La enfermera cerró entonces el maletín para así poder acercar la mesa con ruedas a la cabecera de la cama. En la bandeja había una fuente que contenía un bistec Salisbury, zanahorias y patatas. Había un panecillo que parecía tan duro como una bola del ocho que había encontrado en el bolsillo la noche interior y algún tipo de postre rojo envuelto en plástico. La fuente y su olor le provocaron una náusea.
– No voy a comerme eso. ¿Hay copos de cereales?
– Tiene que tomar un almuerzo completo.
– Acabo de levantarme. Me han mantenido toda la noche en vela. No puedo comerme esto. Me da ganas de vomitar.
La enfermera recogió rápidamente la bandeja y se dirigió a la puerta.
– Veré qué puedo hacer con los cereales. -Se volvió hacia él y sonrió antes de salir por la puerta-. Anímese.
– Sí, ésa es la receta.
Bosch no sabía qué hacer salvo dejar pasar el tiempo. Empezó a pensar en su encuentro con Mittel, en lo que se había dicho y en lo que significaba. Había algo que le molestaba.

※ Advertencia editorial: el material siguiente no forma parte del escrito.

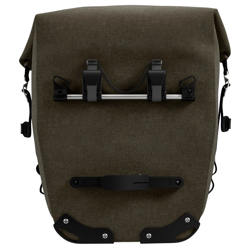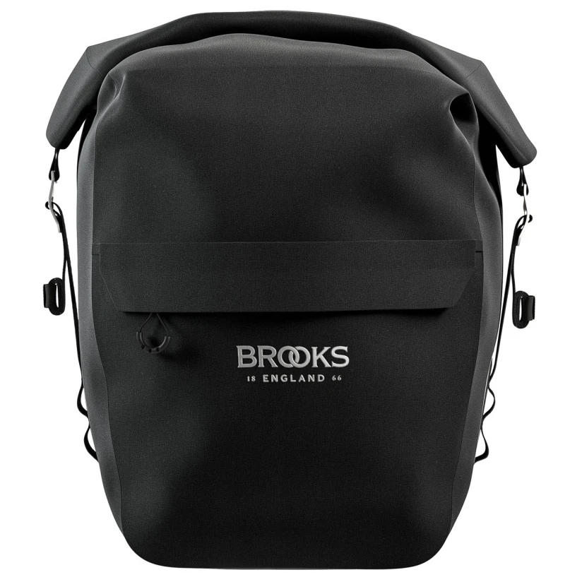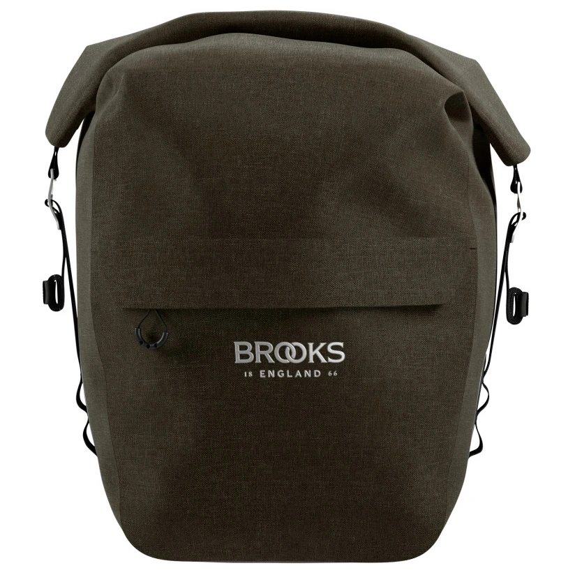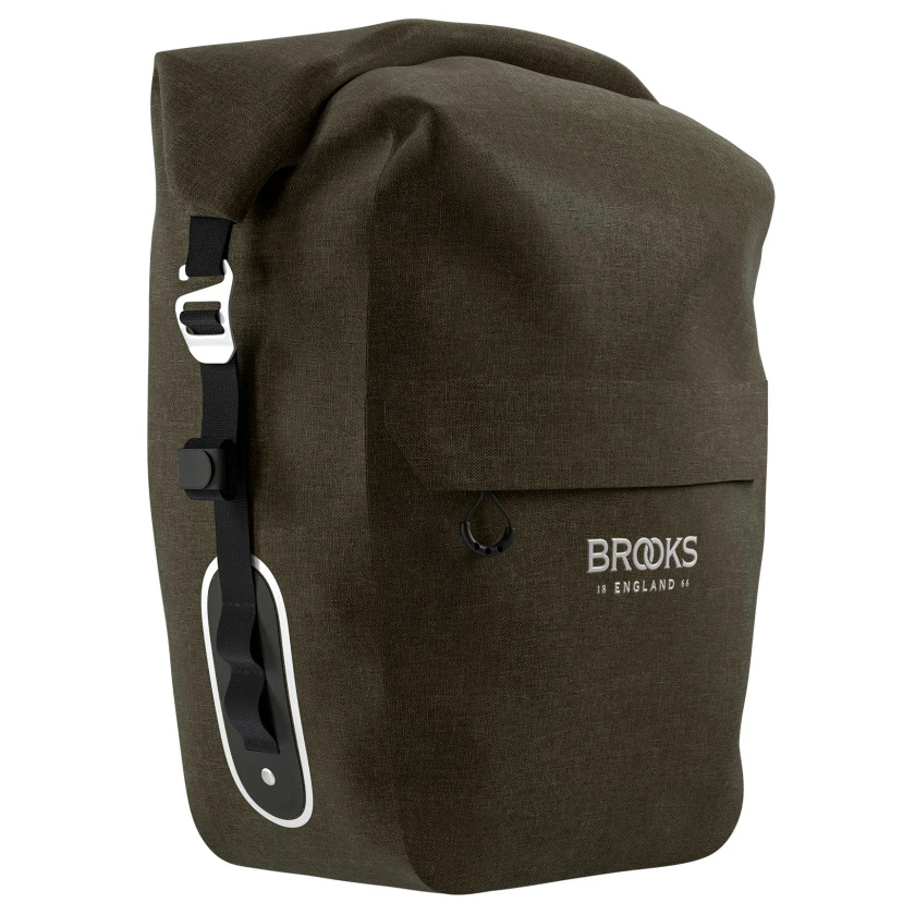 Viel Platz und absolut wasserdicht: die Scape Pannier Large von Brooks England hält das Radtouren-Gepäck trocken! Die Gepäckträgertasche ist aus einem robusten, absolut wasserdichten Kunstfasergewebe mit verschweißten Nähten gefertigt und passt per Klick Fix Aluminium-Halterung auf jeden gängigen Gepäckträger. Die Tasche bietet bis zu 22 Liter Stauraum, ist im Packvolumen per Klett-Straps im Innenraum modulierbar, kommt mit praktischem Rollverschluss und wird durch eine Zip-Außentasche mit Flap ergänzt. Hypalon Straps an den Seiten und reflektierende Details machen die Tasche komplett.

Le interrumpió el sonido de un bip procedente del panel lateral de la cama. Miró hacia abajo y vio que era el teléfono.
– ¿Hola?
– ¿Harry?
– Sí.
– Soy Jazz. ¿Estás bien?
Hubo un largo silencio. Bosch no sabía si estaba preparado para hablar con ella, pero de pronto era inevitable.
– ¿Harry?
– Estoy bien. ¿Cómo me has encontrado?
– El hombre que me llamó ayer. Irving no sé cuantos. Él…
– El jefe Irving.
– Sí. Llamó y me dijo que estabas herido. Me dio el número.
Eso molestó a Bosch, pero trató de no revelarlo.
– Bueno, estoy bien, pero no puedo hablar.
– ¿Qué ocurrió?
– Es una larga historia. No quiero explicarla ahora.
Esta vez ella se quedó en silencio. Era uno de esos momentos en que ambos interlocutores tratan de interpretar el silencio, de entender lo que el otro quiere decir en lo que no se está diciendo.
– ¿Lo sabes?
– ¿Por qué no me lo dijiste, Jasmine?
– Yo…
Más silencio.
– ¿Quieres que te lo cuente ahora?
– No lo sé…
– ¿Qué te dijo?
– ¿Quién?
– Irving.
– No fue él. Él no lo sabe. Fue otra persona, alguien que quería herirme.
– Fue hace mucho tiempo, Harry. Quiero explicarte lo que pasó…, pero no por teléfono.